多孔功能MOFs材料的设计合成与氢气、二氧化碳气体吸附性能研究

Emerging as a new class of crystalline porous materials, metal–organic frameworks (MOFs, also known as porous coordination polymers, PCPs) have great potential applications in economical, safe and efficient storage of energy-environment related gas (such as hydrogen, carbon dioxide and so on) due to their large surface area, adjustable pore size and chemically-tunable functionalities. Therefore, how to understand the structure-property relationship between the structures and gas storage performance of MOFs is of great scientific and practical significance for future design and construction of novel MOFs with high-performance. This project intends to design and synthesize series of highly porous MOFs decorated by different groups (such as –CH3, –Br, -NO2, –OH, -NH2, -SO3H and so on) through crystal engineering by utilizing highly symmetrical isophthalic acids and two-dentate bipyridine mixed-ligand systems, aiming at significant enhancement of the materials’ water-stability and gas storage performance: The incorporated polar groups (-NO2,–OH, -NH2, -SO3H, etc) may act as the strong gas (hydrogen, carbon dioxide, etc) molecule binding sites to optimize the framework-gas interactions. Meanwhile, both the introduced hydrophobic groups (–CH3,–Br, -NO2, etc) and bipyridine auxiliary ligands (which can effectively increase the connectivity numbers of the second building units (SBUs) through coordination, which in turn will improve the water-stability of the MOF materials) may have positive effect upon the water-stability of the MOFs. Most importantly, the relationship between the specially porous structures and gas sorption performance of the MOF materials, including the effect of different factors such as different pore sizes and polar groups on energy-environment related gas storage performance, the gas (hydrogen and carbon dioxide) sorption mechanism at the molecular level and so on, will be systematically investigated and disclosed by both experimental and theoretical methods including GCMC (Grand Canonical Monte Carlo) molecular simulations and DFT (Density Functional Theory) calculations. The results of this project may have significant implications for future design and construction of new novel high-performance MOF materials for energy-environment related gas capture and storage.

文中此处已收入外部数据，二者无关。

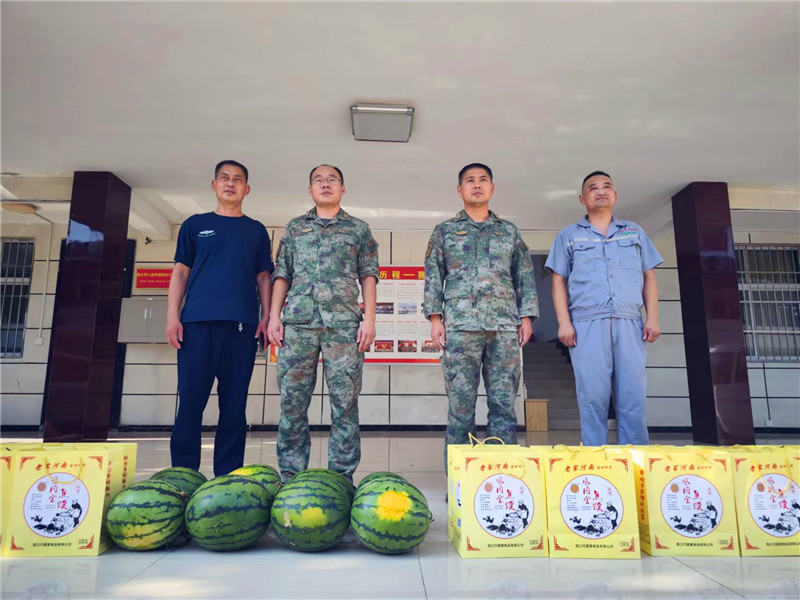 立秋過后,室外溫度依然高達39攝氏度,人們都躲在室內(nèi)開著空調(diào)或吹著風(fēng)扇享受著清涼。此時,淮陽區(qū)人武部大院門口,一中年男子把車上所裝的“淮寶牌”焦饃等慰問品卸下后,徑直走進區(qū)人武部政委劉鋒辦公室。

金属-有机框架材料（MOFs）在经济、安全、高效地吸附存储氢气、二氧化碳等能源环境相关气体方面具有广泛的应用前景。系统理解MOFs储气性能的构效关系是定向设计合成新型高性能储气材料的一个重要基础。本项目拟基于高对称性间苯二酸类——二齿吡啶类混合配体，依据晶体工程原理设计合成系列高孔隙率MOFs材料，并对材料进行甲基、溴基、硝基、羟基、氨基、磺酸基等功能基修饰，探索通过吡啶类辅助配体参与配位以增加无机次级构筑单元的连接数以及在框架结构中引入甲基、溴基、硝基等不同疏水基对提高材料水稳定性的影响。同时采用实验和理论计算相结合的手段，系统考察不同孔径、不同极性功能基（硝基、羟基、氨基等）对材料储气性能的影响，探讨MOFs吸附气体的微观机理，揭示该类材料的特殊孔洞结构与其气体吸附存储性能间的构效关系，为今后定向设计合成新型高性能氢气、二氧化碳等能源环境相关气体存储MOFs材料提供科学依据和研究基础。

金属-有机框架材料（MOFs）在气体吸附存储与分离、催化等方面具有广泛的应用前景。系统理解MOFs储气、催化等性能的构效关系是定向设计合成新型高性能MOFs材料的一个重要基础。本项目设计合成了系列极性酰胺基桥连的、不同功能基（甲基、甲氧基、羟基、吡啶氮配位点等）修饰的含间苯二间酸单元高对称性多齿羧酸配体，依据晶体工程原理，在溶剂热条件下与铜离子等配位，制备了若干结构新颖、框架结构稳定性好、具有优异二氧化碳等气体吸附存储分离性能和催化活性的MOFs材料。通过系统的结构表征、单组分气体吸附、混合气体动态突破、催化等实验与相关理论研究，结果表明，在MOFs的框架结构中引入极性桥连酰胺功能基不但能极大地提升材料的多孔性，而且与金属Cu(II)不饱和配位点类似，酰胺功能基也能与CO2等气体分子间产生较强的分子间相互作用，进一步提高材料对CO2等气体的吸附存储与分离能力；此外，在酰胺基修饰MOFs材料的设计合成中，采用穿插策略、在框架结构中引入甲基等疏水基、或引入吡啶氮配位点参与配位提高无机节点的连接数等方法，能有效地提高材料的框架结构稳定性；另外，酰胺基修饰MOFs框架结构中的路易斯酸性铜（II）不饱和配位点和路易斯碱性酰胺基能分别有效催化deacetalization-Knoevenage连续反应的第一步和第二步反应，使该类MOFs材料具有优异的非均相催化效果等。经过三年的努力，在本项目的资助下，项目组成员在Chem. Commun.、CrystEngComm等国际高影响力刊物上发表了2 篇与项目相关的高质量SCI学术论文，此外还有多篇论文正在整理、投稿和评审中。培养硕士研究生4人，其中已获硕士学位2人。本项目较圆满地完成了相关研究任务，达到了预期目标。相关结论对今后设计合成新型高性能MOFs材料以期实际应用于二氧化碳等能源环境相关气体吸附存储与分离、非均相催化等领域提供了新思路与研究基础。